# Directions:
Would you transcribe the records below from the line with "con sistema autocierre." to the line with "What major physical", ends included, exactly and with nothing more, leaving the pictures out?

# Material for this task:
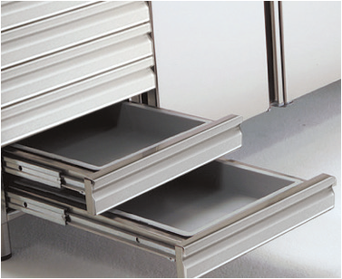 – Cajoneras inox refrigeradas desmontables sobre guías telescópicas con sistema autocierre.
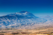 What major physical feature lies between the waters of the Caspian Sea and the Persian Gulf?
* * *
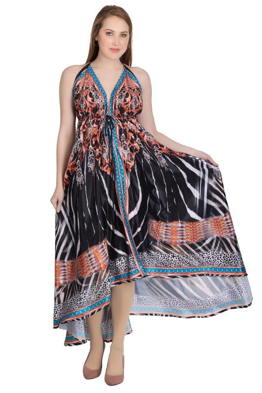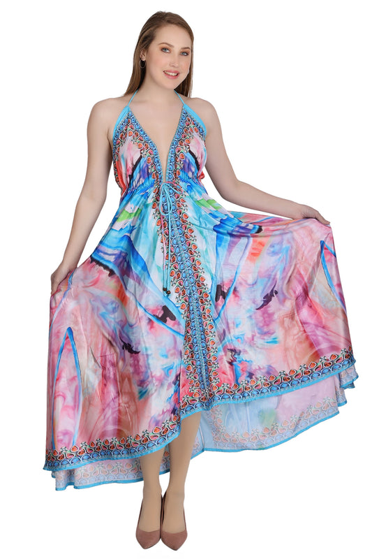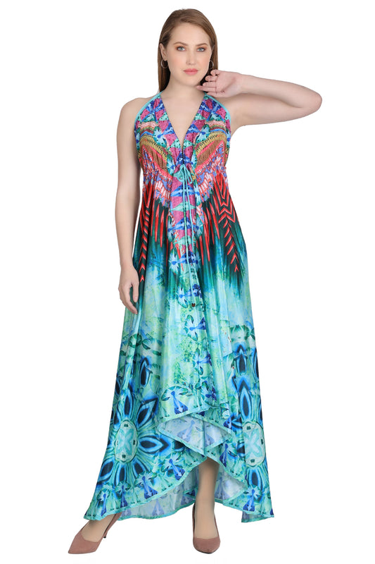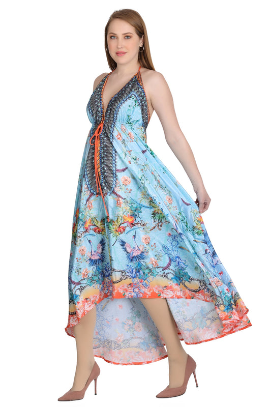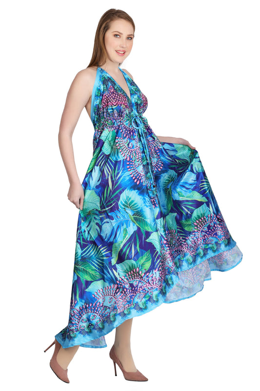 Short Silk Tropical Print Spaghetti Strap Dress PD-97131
==
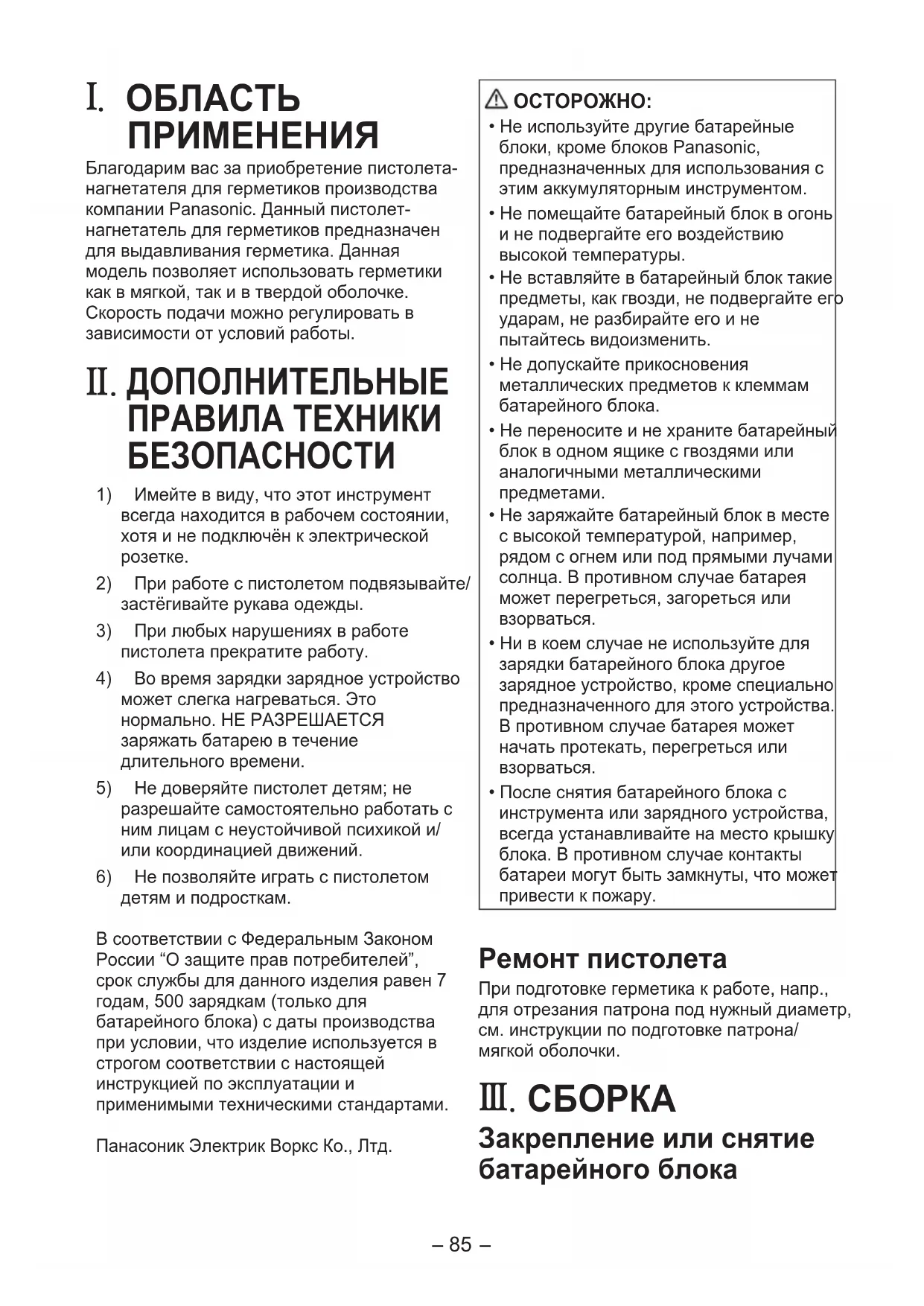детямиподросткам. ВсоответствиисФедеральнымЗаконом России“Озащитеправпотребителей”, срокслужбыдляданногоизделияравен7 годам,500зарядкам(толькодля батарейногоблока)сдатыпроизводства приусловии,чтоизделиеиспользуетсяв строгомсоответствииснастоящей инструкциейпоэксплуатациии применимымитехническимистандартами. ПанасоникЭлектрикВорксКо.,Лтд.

# Finished task:
 – Cajoneras inox refrigeradas desmontables sobre guías telescópicas con sistema autocierre.
 What major physical feature lies between the waters of the Caspian Sea and the Persian Gulf?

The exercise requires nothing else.